Content Requirements
What information belongs in your transparency documents
To manage cybersecurity risks effectively, standardized, machine-readable methods are required to ensure software transparency. This includes knowing what components are present, where they originate from, and whether known vulnerabilities are relevant or exploitable in the operational context.
The overarching goal of these requirements is to ensure that all submitted artifacts contain consistent, complete, and high-quality information that supports transparency, traceability, and automated validation.
This section does not redefine existing standards — instead, it focuses on how to apply them. It provides guidance on what information should be included, why certain data is important, and how this supports software transparency, risk management, and vulnerability assessment.
The following pages define the required and recommended content for three key artifacts:
- Software Bill of Materials (SBOM) — an inventory of software components in a structured, machine-readable format
- Vulnerability Exploitability eXchange (VEX) — information describing how known vulnerabilities affect delivered software
- Vulnerability Disclosure Report (VDR) — documentation of vulnerabilities discovered and addressed during development or maintenance
Background and rationale
In Sweden and across the EU, cybersecurity regulations, directives, and frameworks are placing increased demands on the software supply chain to provide transparency into the composition and security posture of delivered products.
Standards such as SBOM, VEX, and VDR enable software producers to describe composition, origin, and vulnerability status in a consistent and automation-friendly way. By applying these standards, organizations can:
- Gain full visibility into software components and their provenance (origin)

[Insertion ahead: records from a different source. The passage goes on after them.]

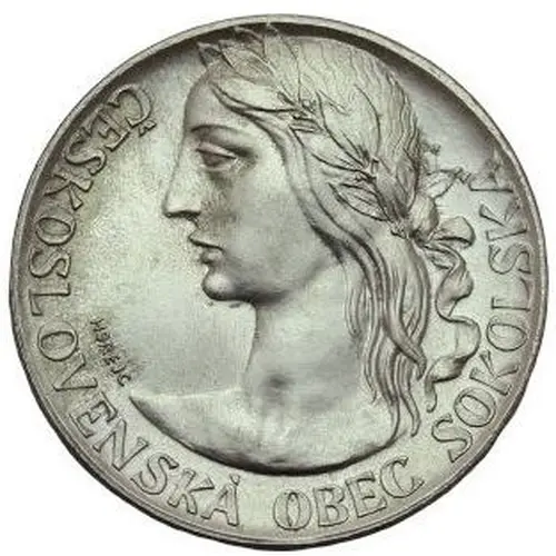 | Obverse lettering | ČESKOSLOVENSKÁ OBEC SOKOLSKÁ HOREJC (Translation: CZECHOSLOVAK SOKOL ORGANIZATION) |
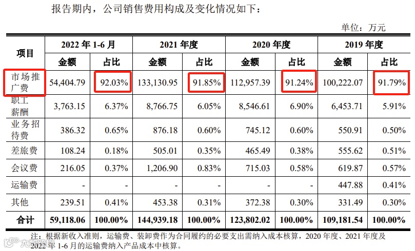 销售费用中,市场推广费占91%以上,具体包括学术推广、渠道维护、信息调研和会议推广等。
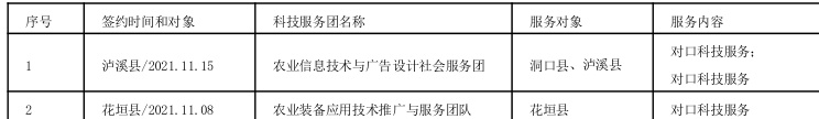 (4)新技术新成果推广。围绕服务地特色产业提质增效,为对接县市、企业提供科技成果转化应用服务。
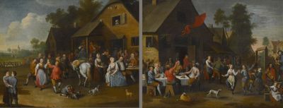 Dorfkirmes mit feiernden und tanzenden Bauern
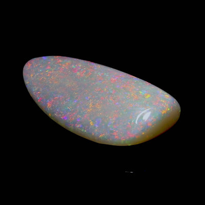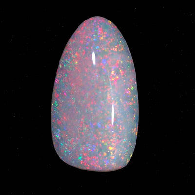 This magnificent 22.19-carat opal from Lightning Ridge, Australia, is an extraordinary example of a rare pinfire solid crystal opal. Renowned for its exquisite play-of-color, the gem radiates vibrant shades of red, green, blue, and purple, creating a mesmerizing effect. The gemstone's smooth surface enhances its natural beauty, while its substantial size makes it a standout piece among even the most distinguished collections.

- Assess whether known vulnerabilities are relevant or exploitable in the intended environment
- Trace the trust level and history of included software
- Automate ingestion, validation, and analysis using independent tools
The formats required for these artifacts are listed in Formats and Encoding. Using standardised formats supports repeatable, scalable, and tool-agnostic software assurance across all relevant suppliers and deliveries.
Purpose and scope
This section serves as a content requirement guide for SBOM, VEX, and VDR artifacts. It provides guidance both for those developing software and producing these artifacts, and for those consuming and making use of them.
- Define content expectations — describes the key information that must be included in submitted SBOMs, VEX files, and VDRs. These expectations are expressed as high-level information areas (such as metadata, dependencies, and lifecycle) rather than formal field-by-field schemas.
- Support standards-based implementation — aligns the requirements with internationally accepted specifications such as CycloneDX and SPDX. Rather than reproducing or redefining these standards, the document provides guidance on how they should be applied to fulfill the content expectations.
- Provide rationale and guidance — explains why certain information is important. Where useful, examples and representative JSON snippets are included to show how requirements can be met in practice.
- Enable automated validation — supports the goal of increasing efficiency through automation by enabling validation of submitted artifacts for completeness, correctness, digital signatures, and compliance.
Important note: This site does not replicate the structure, terminology, or field definitions of CycloneDX, SPDX, or other referenced specifications. Instead, it outlines what content is expected and why. It is the supplier's responsibility to ensure conformance with both the base specification and the content requirements defined here.
All SBOM, VEX, and VDR artifacts must conform to the format and encoding constraints defined in Formats and Encoding.
Intended audience
- Organizations that develop or deliver software and are responsible for producing SBOMs, VEX documents, and VDRs.
- Technical staff such as software developers, security engineers, and compliance specialists involved in generating and maintaining these artifacts.
- Personnel involved in procurement, assurance, or risk management who rely on SBOMs and related artifacts.
- Stakeholders who use the artifacts in contexts such as procurement, security evaluation and lifecycle management.
How to use this section
- Start with SBOM Requirements to understand maturity levels and the high-level field expectations.
- Review Concepts for background on standards, terminology, and accepted formats.
- Dive into Components, Suppliers, Vulnerabilities, VEX / VDR, and Licenses for field-by-field guidance on each topic.